# What the task asks
Starting with the line with "Senior fitted shirt" in the entries below and going on through the line with "Strapped bundles packed", output every line exactly and nothing more. No pictures.

# Given data
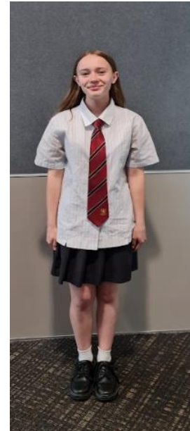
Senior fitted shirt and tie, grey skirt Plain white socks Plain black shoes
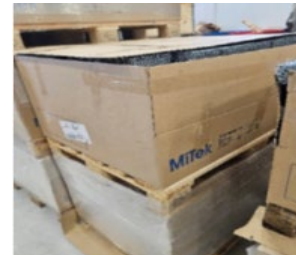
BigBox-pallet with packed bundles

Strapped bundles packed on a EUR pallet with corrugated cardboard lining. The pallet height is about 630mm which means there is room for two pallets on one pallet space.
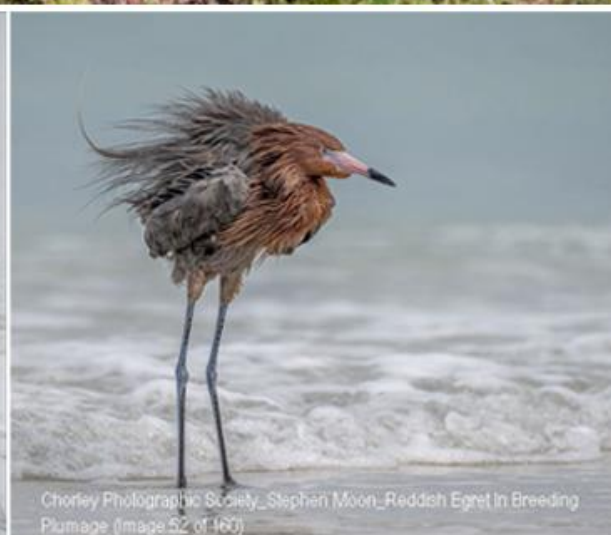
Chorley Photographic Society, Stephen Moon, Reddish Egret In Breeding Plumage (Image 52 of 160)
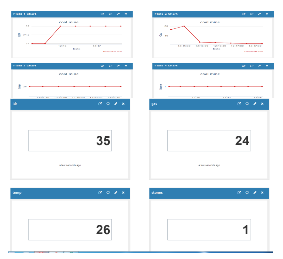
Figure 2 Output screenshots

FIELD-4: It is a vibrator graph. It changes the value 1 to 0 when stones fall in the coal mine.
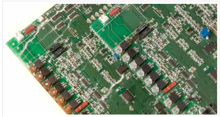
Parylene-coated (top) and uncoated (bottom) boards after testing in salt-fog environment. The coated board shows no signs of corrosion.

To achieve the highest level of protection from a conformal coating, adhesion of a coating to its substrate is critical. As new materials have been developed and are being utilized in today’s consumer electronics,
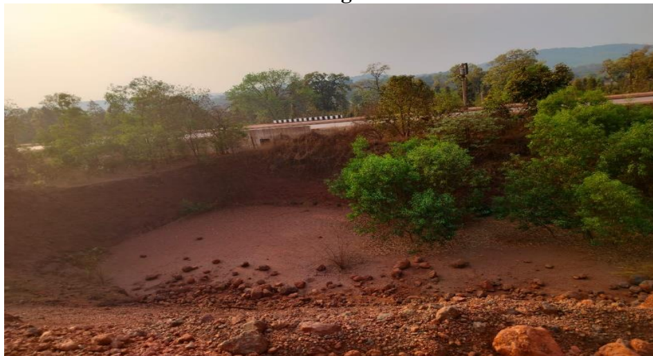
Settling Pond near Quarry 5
==
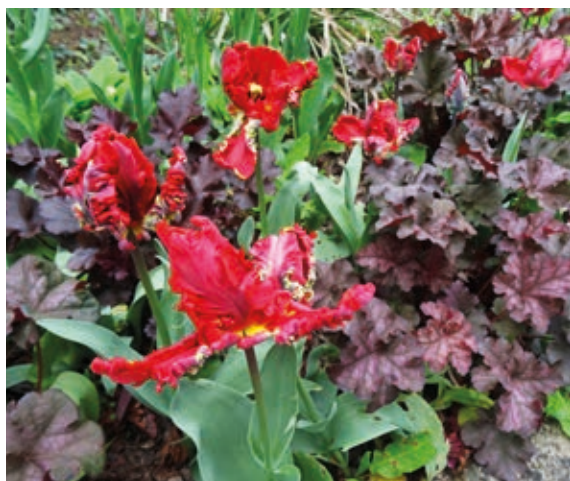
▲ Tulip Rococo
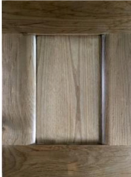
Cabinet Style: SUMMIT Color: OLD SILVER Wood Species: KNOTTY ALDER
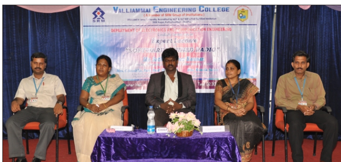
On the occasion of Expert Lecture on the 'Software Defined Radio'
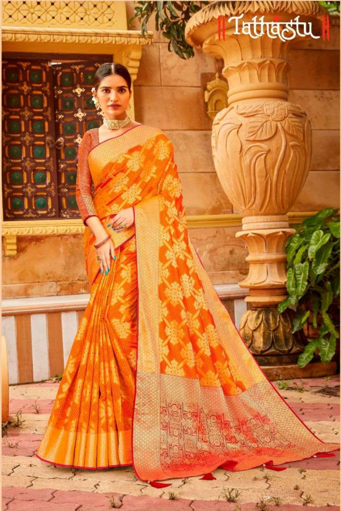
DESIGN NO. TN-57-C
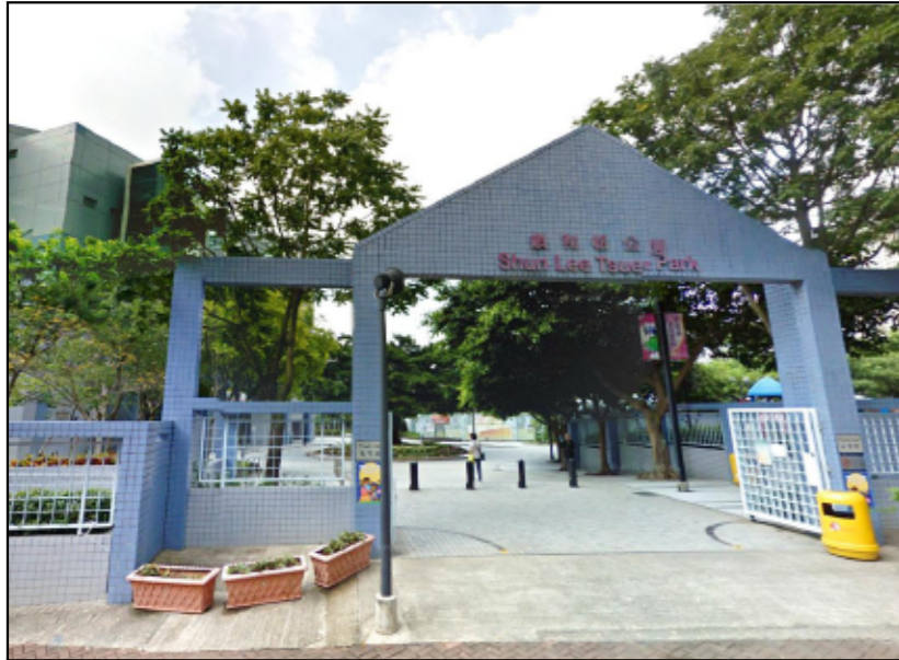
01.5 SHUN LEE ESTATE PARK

# Exercise response
Senior fitted shirt and tie, grey skirt Plain white socks Plain black shoes
BigBox-pallet with packed bundles

Strapped bundles packed on a EUR pallet with corrugated cardboard lining. The pallet height is about 630mm which means there is room for two pallets on one pallet space.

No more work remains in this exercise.